Shaw v. State

557 So. 2d 77 | Fla. Dist. Ct. App. | 1990

557 So. 2d 77 (1990)

Billy C. SHAW, Appellant,
v.
STATE of Florida, Appellee.

No. 88-2121.

District Court of Appeal of Florida, First District.

January 18, 1990.
On Motion for Rehearing March 1, 1990.

Michael E. Allen, Barbara M. Linthicum, Public Defenders, and P. Douglas Brinkmeyer, *78 Deputy Public Defender, Tallahassee, for appellant.

Robert A. Butterworth, Atty. Gen. and Gypsy Bailey, Asst. Atty. Gen., Tallahassee, for appellee.

PER CURIAM.

Billy C. Shaw appeals his conviction for second degree murder contending the trial judge erred in allowing a pathologist to testify as an expert that no struggle with the victim occurred, and in failing to grant a motion for mistrial based upon improper comments by the prosecutor. We affirm.

The trial judge did not abuse his discretion in denying the motion for mistrial.

The trial judge erred in permitting the pathologist to render an expert opinion that the deceased was not engaged in a struggle immediately prior to her death. However, this error could not have affected the outcome of this case and is, therefore, harmless.
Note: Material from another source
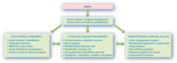 TBI is a heterogeneous disorder of major public health significance. Rehabilitation services, matched to the needs of people with TBI, as well as community-based non-medical services, are required to optimise outcomes over the course of recovery. Both the person with TBI and their social support networks should have access to rehabilitation services through the entire course of recovery, which will continue for many years after the injury. The services required will alter as the person's needs change over time. Survivors of severe TBI face the challenge of resuming a meaningful life for themselves and their families. However, severe TBI is not curable, and medical and rehabilitation management may not ultimately be able to provide the improvement desired by the patient and his or her family.

THOMPSON, ZEHMER and BARFIELD, JJ., concur.

ON MOTION FOR REHEARING

PER CURIAM.

The appellant's motion for rehearing and clarification is denied.

THOMPSON and BARFIELD, JJ., concur.

ZEHMER, J., concurs with opinion.

ZEHMER, Judge (specially concurring).

Appellant contends in his motion for rehearing that since the state's brief failed to argue that the erroneous admission of the expert opinion was harmless error, this court cannot affirm the conviction because the state clearly failed to carry its burden of demonstrating beyond a reasonable doubt that the error was harmless, citing State v. Lee, 531 So. 2d 133 (Fla. 1988), and Ciccarelli v. State, 531 So. 2d 129 (Fla. 1988). Of course, there are some statements in both opinions that suggest this court should not affirm when the state fails to present any argument showing that the error is harmless, but I do not read those statements as broadly as appellant suggests. Thus, for example, in Ciccarelli the court stated that "if the state has not presented a prima facie case of harmlessness in its argument, the court need go no further." 531 So.2d at 131. (Emphasis added). I simply do not construe the emphasized language as meaning the court lacks the power to go further if it elects to do so. It is true that the state's brief made no harmless error argument, but the cited decisions do not require reversal every time no such argument is made and preclude this court from determining sua sponte whether the error is harmless. If we have erred in this respect, clear conflict will exist and the supreme court can clarify, or correct if necessary, our views concerning the sua sponte application of the harmless error rule. For these reasons I join in the denial of the motions for rehearing and clarification.